─── DATA SHOWN

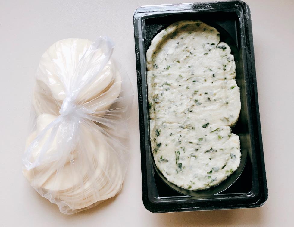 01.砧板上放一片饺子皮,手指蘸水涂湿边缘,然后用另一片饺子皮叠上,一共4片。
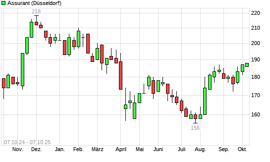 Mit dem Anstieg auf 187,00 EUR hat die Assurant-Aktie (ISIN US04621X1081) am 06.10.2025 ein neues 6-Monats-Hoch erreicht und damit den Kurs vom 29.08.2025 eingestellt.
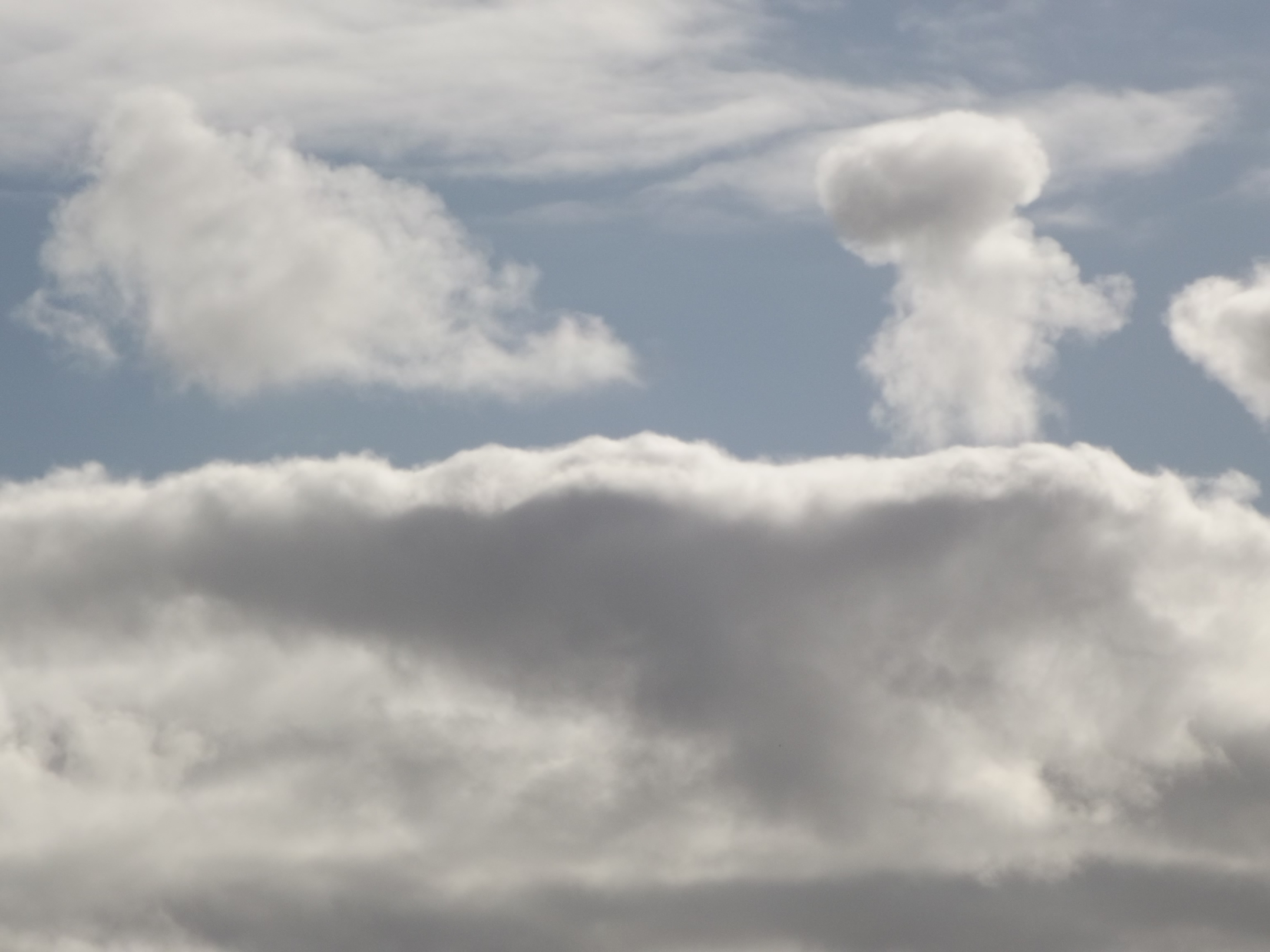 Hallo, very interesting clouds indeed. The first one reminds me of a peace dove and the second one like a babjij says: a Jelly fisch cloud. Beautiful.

──────

### WHAT THE EXERCISE ASKS
Reproduce the whole listing word for word, setting aside any pictures.

### TASK RESPONSE
 01.砧板上放一片饺子皮,手指蘸水涂湿边缘,然后用另一片饺子皮叠上,一共4片。
 Mit dem Anstieg auf 187,00 EUR hat die Assurant-Aktie (ISIN US04621X1081) am 06.10.2025 ein neues 6-Monats-Hoch erreicht und damit den Kurs vom 29.08.2025 eingestellt.
 Hallo, very interesting clouds indeed. The first one reminds me of a peace dove and the second one like a babjij says: a Jelly fisch cloud. Beautiful.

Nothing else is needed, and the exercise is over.